Liu Tianci, Shi Zelin, Liu Yunpeng
Shenyang Institute of Automation, Chinese Academy of Sciences, Shenyang 110016, China; Institutes for Robotics and Intelligent Manufacturing, Chinese Academy of Sciences, Shenyang 110169, China; University of Chinese Academy of Sciences, Beijing 100049, China; Key Laboratory of Opto-Electronic Information Processing, Chinese Academy of Sciences, Shenyang 110016, China; and Key Lab of Image Understanding and Computer Vision, Liaoning Province, Shenyang 110016, China
Shenyang Institute of Automation, Chinese Academy of Sciences, Shenyang 110016, China; Institutes for Robotics and Intelligent Manufacturing, Chinese Academy of Sciences, Shenyang 110169, China; Key Laboratory of Opto-Electronic Information Processing, Chinese Academy of Sciences, Shenyang 110016, China; and Key Lab of Image Understanding and Computer Vision, Liaoning Province, Shenyang 110016, China
Neural Comput. 2019 Jan;31(1):156-175. doi: 10.1162/neco_a_01148. Epub 2018 Nov 21.

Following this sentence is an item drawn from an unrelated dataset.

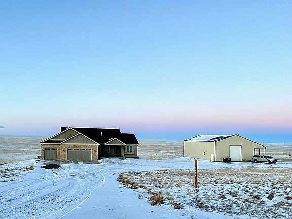 Spacious views at this 5-bedroom home in Rocking Star Ranch. The prairie behind the home is protected by common space and BLM ground. There are three bedrooms and two bathrooms upstairs and two bedrooms with one bathroom downstairs. Three gas fireplaces. Main floor laundry. Large living room in the walkout basement. 3 car attached garage with a large shop adjacent to the house. For showing call 307-220-1715
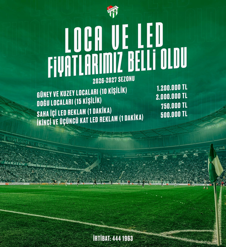 Bursaspor’un Yeni Sezon Loca ve LED Reklam Fiyatları Açıklandı

Modeling videos and image sets by linear subspaces has achieved great success in various visual recognition tasks. However, subspaces constructed from visual data are always notoriously embedded in a high-dimensional ambient space, which limits the applicability of existing techniques. This letter explores the possibility of proposing a geometry-aware framework for constructing lower-dimensional subspaces with maximum discriminative power from high-dimensional subspaces in the supervised scenario. In particular, we make use of Riemannian geometry and optimization techniques on matrix manifolds to learn an orthogonal projection, which shows that the learning process can be formulated as an unconstrained optimization problem on a Grassmann manifold. With this natural geometry, any metric on the Grassmann manifold can theoretically be used in our model. Experimental evaluations on several data sets show that our approach results in significantly higher accuracy than other state-of-the-art algorithms.
通过线性子空间对视频和图像集进行建模在各种视觉识别任务中取得了巨大成功。然而,从视觉数据构建的子空间总是深陷于高维环境空间中,这限制了现有技术的适用性。本文探讨了在监督场景下,提出一种几何感知框架的可能性,该框架用于从高维子空间构建具有最大判别力的低维子空间。具体而言,我们利用黎曼几何和矩阵流形上的优化技术来学习正交投影,这表明学习过程可以被表述为格拉斯曼流形上的无约束优化问题。基于这种自然几何,格拉斯曼流形上的任何度量理论上都可用于我们的模型。在多个数据集上的实验评估表明,我们的方法比其他现有最先进算法具有显著更高的准确率。